■ DESCRIPTION OF THE TASK: Copy exactly the lines that run from the top of the listing to the line containing "4、雙擊打開(kāi)編輯字", both ends included, and omit the pictures.

■ GIVEN MATERIAL:
══════════
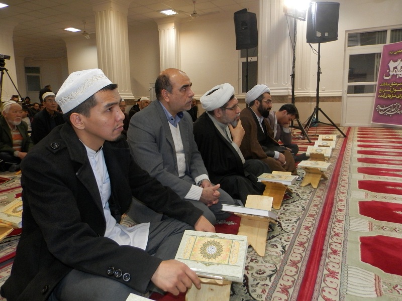 ترکمن سسی- با حضور تعدادی از قاریان برجسته و اقشار مختلف مردمی شامگاه یکشنبه 15 بهمن ماه 96 آئین معنوی عطر قرآن در فجر انقلاب در مسجد اهل سنت امام اعظم ابوحنیفه در قزاق محله گرگان برگزار و در پایان از خانواده معظم شهید صفرعلی عرقبای تجلیل شد.
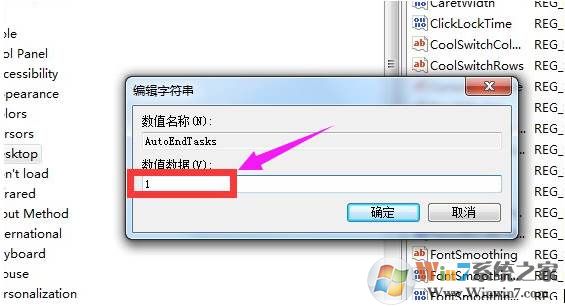 4、雙擊打開(kāi)編輯字符串,后在【數(shù)值數(shù)據(jù)(V)】把它的值改為“1”,點(diǎn)擊“確定”。
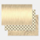 Three distinct styles of gold sheets of wrapping paper. The first is a shimmery ombre shaded gold gradient pattern with a nice gold sheen and the next is dark snall gold glittery circles on a tan backdrop then the third is gold glitter streaks on a tan backdrop for contrast. Gold festive chic vibes
══════════
■ ANSWER BOX:
 ترکمن سسی- با حضور تعدادی از قاریان برجسته و اقشار مختلف مردمی شامگاه یکشنبه 15 بهمن ماه 96 آئین معنوی عطر قرآن در فجر انقلاب در مسجد اهل سنت امام اعظم ابوحنیفه در قزاق محله گرگان برگزار و در پایان از خانواده معظم شهید صفرعلی عرقبای تجلیل شد.
 4、雙擊打開(kāi)編輯字符串,后在【數(shù)值數(shù)據(jù)(V)】把它的值改為“1”,點(diǎn)擊“確定”。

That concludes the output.